I weren’t sick.  I was dying.  I could see it.  The weight loss was like a bear out of hibernation.  The fatigue, a man twice my age wouldn’t feel this exhausted.  The sweating, the shaking, the anger.  If I was my wife I’d be taking a pregnancy test.  Only thing could make me feel better was a drink.  The more I drank the sicker I got, but the better I felt.  Sure, when I stopped, everything came back- the anger, the sweating, the shaking.  Only a drink could help.  There was no cure for this.  A man should be able to take his liquor, and it was too damn hard for me to admit I was weak.  Doctors got no cure for weakness.

I don’t believe in taking things I don’t need.  There ain’t many things I can’t do for myself, and if I can’t I’ll sure learn it.  Most folks are quick to give up.  They got no faith in themselves.  They let other people do their taxes.

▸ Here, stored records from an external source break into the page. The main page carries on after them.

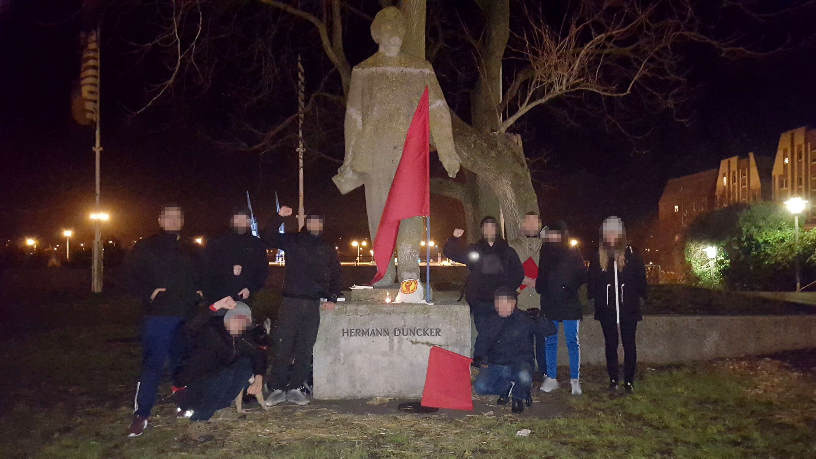 Am Abend des 30. Dezember fanden wir uns spontan aus verschiedenen Gruppen und als Einzelpersonen zusammen, um dem 100. Jahrestag der Gründung der Kommunistischen Partei Deutschlands (KPD) zu Gedenken. Bei der Statue des Kommunisten Hermann Duncker, unweit des Rostocker Hafens standen wir in Solidarität zusammen, um dem Geschehenen Tribut zu zollen. Auch wenn unser Zusammentreffen kurzfristig organisiert wurde, konnten wir einige Worte zur geschichtlichen Einordnung erbringen sowie ein kämpferisches Grußwort hören. Auch wurden einige Worte zu der Revolution von 1918/1919 verloren. Vorbeiziehende Passanten bedachten uns mit wohlwollenden Ineresse, während wir unter roter Fahne unsere Gedanken und Zukunftsaussichten teilten. Im Folgenden ist das Grußwort der Gruppe »Rostock Hart Backbord« protokolliert:
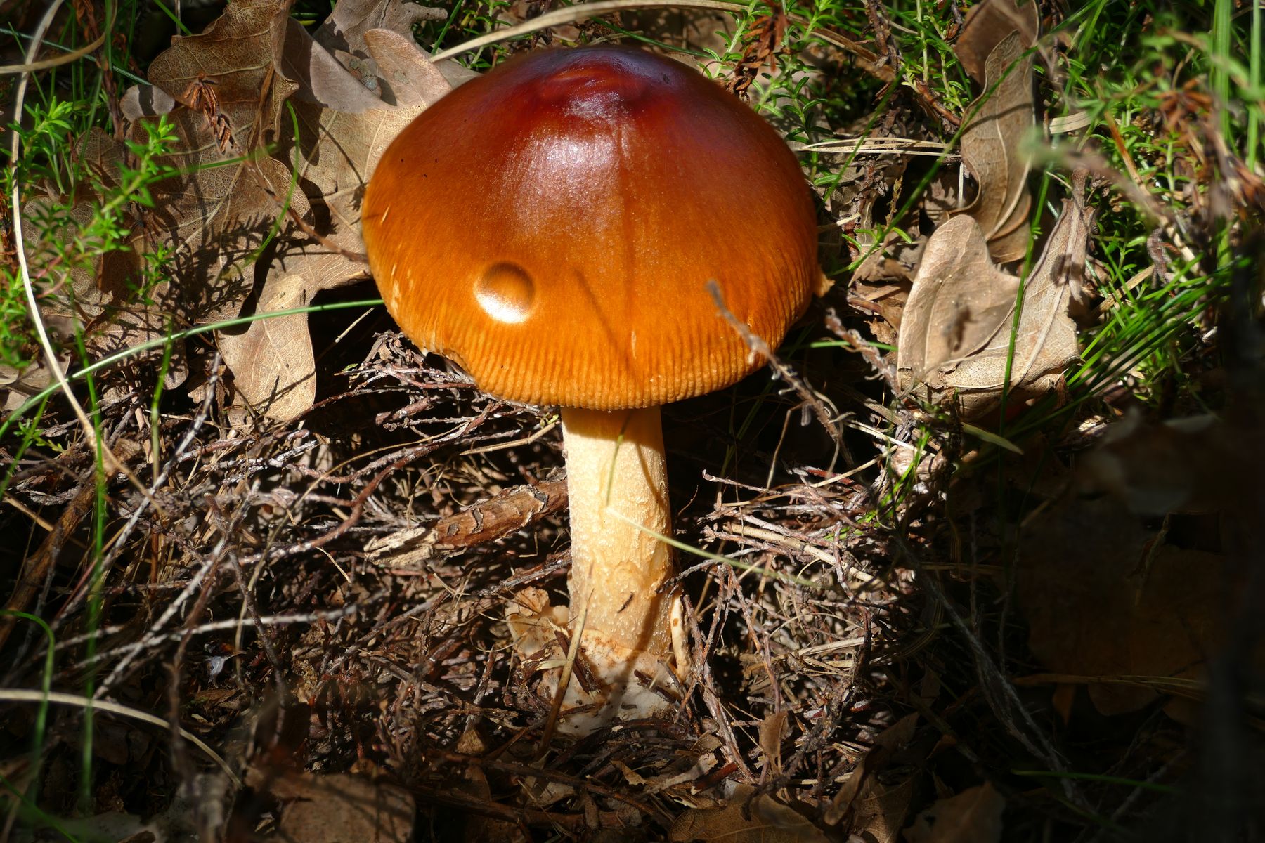 Im Übrigen wundert es mich, dass ich beim Entnehmen des Pilzes die Scheide übersehen haben muss. Vielleicht hat sie tief im Bewuchs gesteckt.
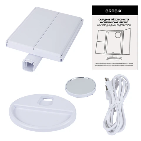 Складное зеркало в пластиковой оправе состоит из трёх частей – центральной и двух боковых, складывающихся по принципу книжки или трюмо. Центральное зеркало оснащено LED-подсветкой, боковые – обладают эффектом 2-х, 3-х и 10-кратного увеличения.
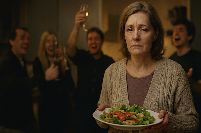 Я поставила на стол блюдо с закуской, улыбнулась гостям, автоматически поправила салфетку перед свекровью — рука сама сделала знакомое движение — и почувствовала, как ладони предательски подрагивают. Никто, конечно, не обратил внимания. Музыка гремела чуть громче обычного, молодёжь из отдела мужа громко спорила и хохотала. Я, как всегда, была спокойным фоном.
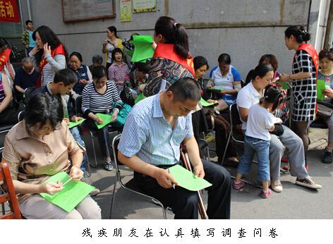 纺机社区工作人员和理工大学航运学院志愿者对参加活动的残疾人朋友一起发放调查问卷,认真填写,在循环播放歌曲《感恩的心》《祝您平安》《隐形的翅膀》“助残日”主持人和社区主任对参加和平街“全国助残日”的残疾朋友们送上小礼品,送上祝福,祝和平街全体残疾人朋友生活愉快,万事如意,一生平安。

They eat microwave food.  You know what microwave food says to me?  It says “this is food fit to be ate by a microwave.”  No one knows how to hunt, fish, farm, or cook no more.  When I get sick I drink more water, get more sleep, and keep on moving.  None of that’s working now.  

I even saw a doctor.  I told him I never took a pill in my life, but if there’s a pill for this, I’ll take it.  There ain’t.  You know what there is for this?  A “support group.”  A god-damn support group.  Like I need support.  What the hell is a group gonna do for me?  Can I take that group with me wherever I go?  Is that group gonna follow me to every bar and make sure I get home alright?  Is that group gonna bring my wife back, buy me a new truck, and tend my farm for me?  If a man can’t support himself, that’s when he knows it’s all over.  You know what that doctor gave me?  A death sentence.  He might as wella told me “You’re weak, Jim.  You’re weak, and ain’t no cure for weakness.”  Thanks, doc.  I’ll drink to that.